Wednesday, December 27
It is with heavy heart, dear reader, that I inform you that I have been diagnosed with Adultitis.
I'm apparently in the advanced stages, but will be partaking of many advanced treatments to remedy it.

Tuesday, December 26
Post-Christmas Swag Brag: I got the big Conan guide by Roy Thomas, a flash drive, the DVD of the Filmation Flash Gordon cartoon, some Scottish ales, an extendable back scratcher, a sweet piece of Tony de Zuniga original Jonah Hex art, and, of course, slippers, among many other things from family and friends.

Adrian Brown at Space.com ponders SETI's need for robots.

My favorite quote of the weekend, from an article on atheism by Sam Harris: "There is no society in human history that ever suffered because its people became too reasonable."

Sunday, December 24
Thanks to my friend Mark, the book on sale on the right, this year's Holiday Card, and this blog have been Boing-Boinged. Last time this happened (the Comic Book Motivational page, for those keeping track) my bandwidth got burned off in two days. Here's hoping the holidays keep the traffic reasonable.

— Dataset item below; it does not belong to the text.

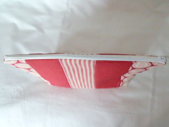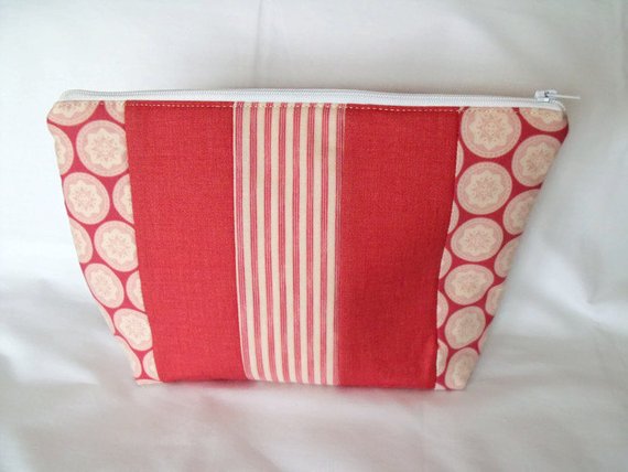 Quilted cosmetic bag or toiletry bag, lined zipped pouch.

For those joining from Boing Boing, welcome.

Friday, December 22
As this is the start of a prolonged holiday weekend, I want to once again wish everyone good tidings. It's been a hectic, emotionally draining year. I've had deaths among my family and friends, and several friends have had tragic losses in their families, Despite all that, I still get a large case of the warm fuzzies during the holidays. Maybe I'm just getting older.
Nah, that can't be it.

LiveScience gives us the weirdest science stories of 2006.

Thursday, December 21
It's the Winter Solstice. As has become tradition, today I give you the online version of this year's Bad Day Studio Holiday Card. And I sincerely hope you all have happy holidays, whichever ones you might celebrate.

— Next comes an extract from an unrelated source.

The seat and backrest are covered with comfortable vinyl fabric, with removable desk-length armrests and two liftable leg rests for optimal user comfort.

Salamander Davoudi of Financial Times looks ahead to the day robots have rights.

Wednesday, December 20
Popular Science looks at the concept of deploying Marines via a sub-orbital transport, and also gives us a list of their all-time favorite on-screen nerds.

Wizard gives us a list of the top five (fictional) civil wars of all time. It's a pretty bad list, which somehow manages to leave out seasons three and four of Babylon 5, the Unification War from Firefly, and the Klingon civil war.

Tuesday, December 19
Recommended Readin': Anthony Young at The Space Review compares the realities of building a moonbase against what movies have shown us.
At Futurismic, the Armchair Anarchist makes the case for colonizing Earth orbit before heading to the moon.
Michael Cassutt explores the difficulties of establishing a canon of science fiction in the first of a multi-part column at SciFi Weekly.

Monday, December 18
Bill Gates gives us his forecast for the robotics industry in Scientific American, while Sara Goudarzi of LiveScience informs us that scientists have created a way to control a robot with signals from a human brain.